Kam is now a nurse in Ogdensburg, New York, working in pediatric psychiatry. He says mental health is often neglected in children, and he was introduced to this work while in Nepal where he witnessed a gap in medical support.

He says it was the entrepreneurial spirit he developed at the LaunchPad that gave him the drive to pursue nursing school. “A lot of things I learned in Nepal, and a lot of things I learned at the LaunchPad, drove me to become a nurse—I found my calling where I can still help those who are less fortunate than I am,” Kam explains.

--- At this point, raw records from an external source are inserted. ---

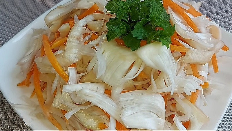 Mít non muối chua sau khi ngâm đủ thời gian có thể cho ra đĩa và thưởng thức rồi. Từng miếng mít non trắng tinh tươm, dai dai, giòn giòn trộn lẫn với cà rốt tạo thành một món ăn bắt mắt, hương vị chua chua, ngọt ngọt, mằn mặn vô cùng độc đáo.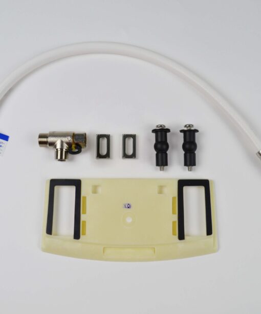 • In de doos: De douche wc, 0,5 m gepantserde slang, 3/8″ T-stuk, montagekit en een handleiding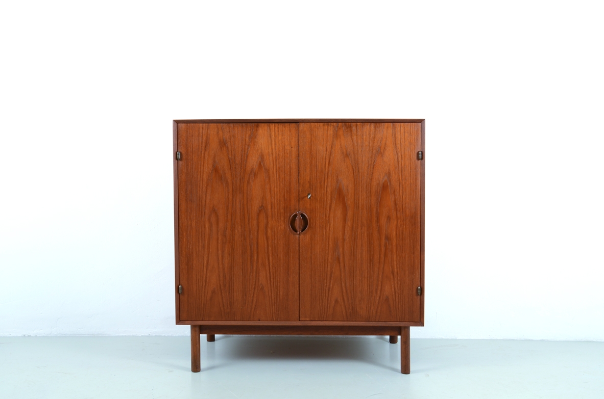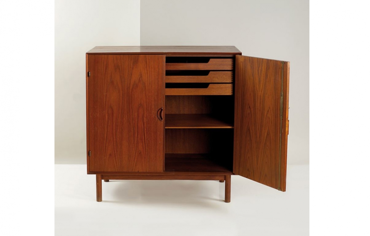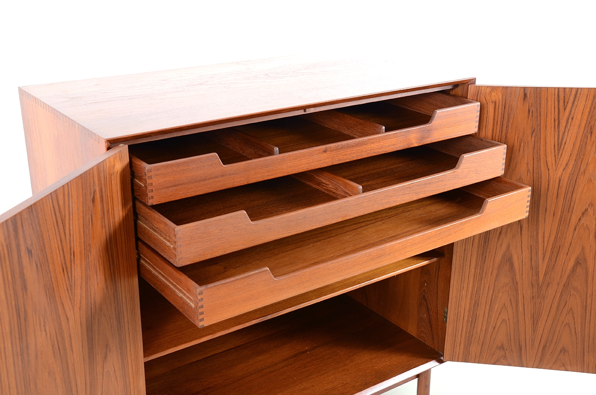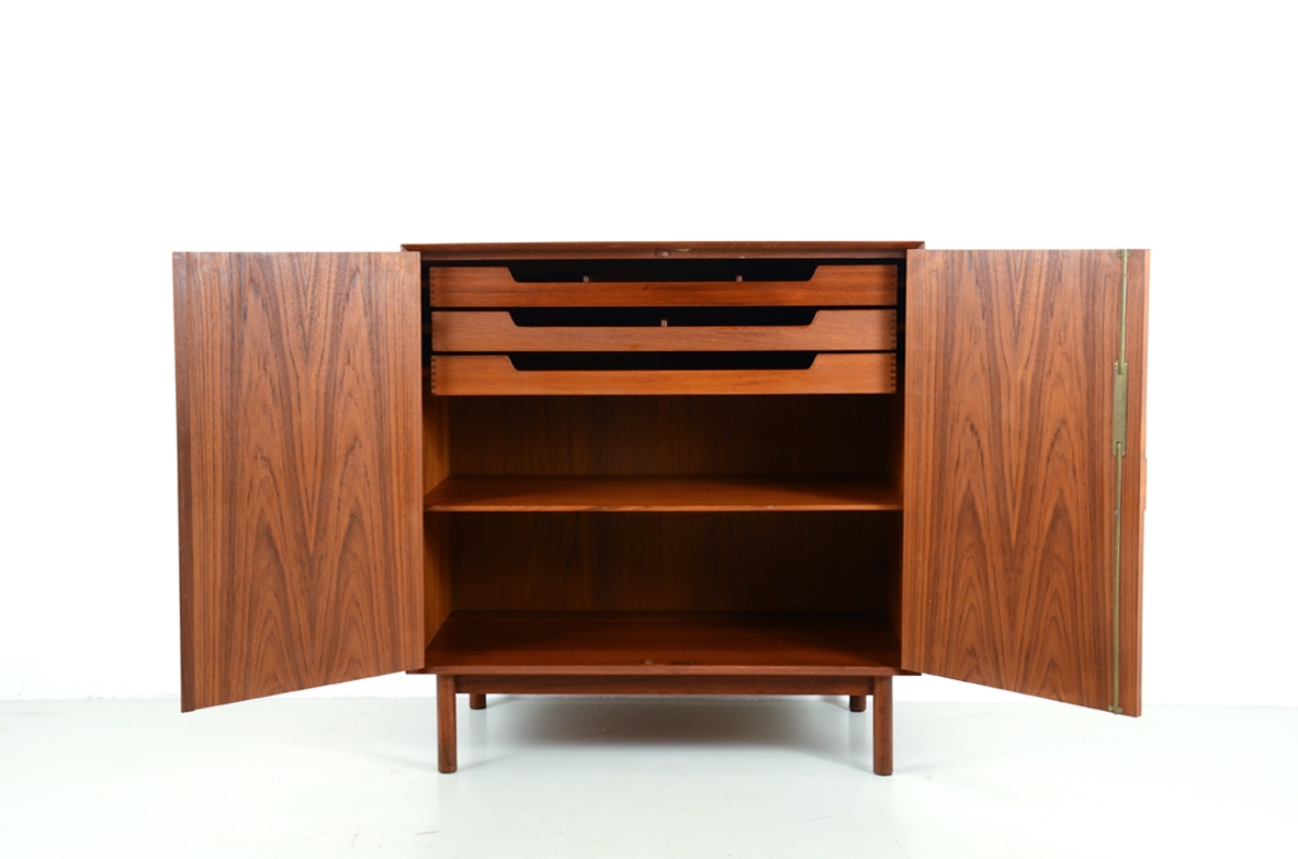 Peter Hvdt & Orla Mølgaard-Nielsen, piccolo mobile in tek a due ante con cassetti e ripiano all'interno, Danimarca 1955ca.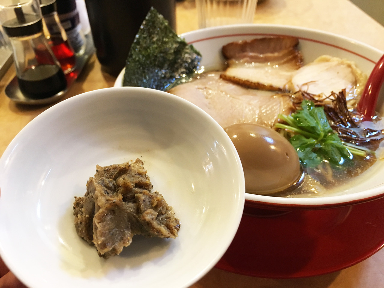 こちらは、トリニボに味玉100円をプラスしたもの。

The OVMA gave me a lot of support while I was a student. They had spaces for me to decompress. I met a lot of veteran friends there who gave me support, and that was critical as a veteran in the Syracuse community.

Brian Kam ’16

Purposeful listening is essential among the skills he learned at the LaunchPad that he uses daily in his nursing. “My ability to listen purposefully and thoughtfully allows me to validate my patients and their experiences, to diffuse mental health stigma and misinformation, to help identify their stressors, emotions and strengths, and to inspire healthy coping mechanisms and a commitment to self-compassion and mental health well-being. Purposeful listening remains the most essential skill that allows me to inspire change both through my Thrive projects and in my current role as a pediatric mental health nurse.”

Kam is a now mentor with the LaunchPad, offering his advice to current students and student veterans pursuing their dreams. “If a student has an idea, they should go after it. There are plenty of resources at the LaunchPad that can help them make that dream a reality.”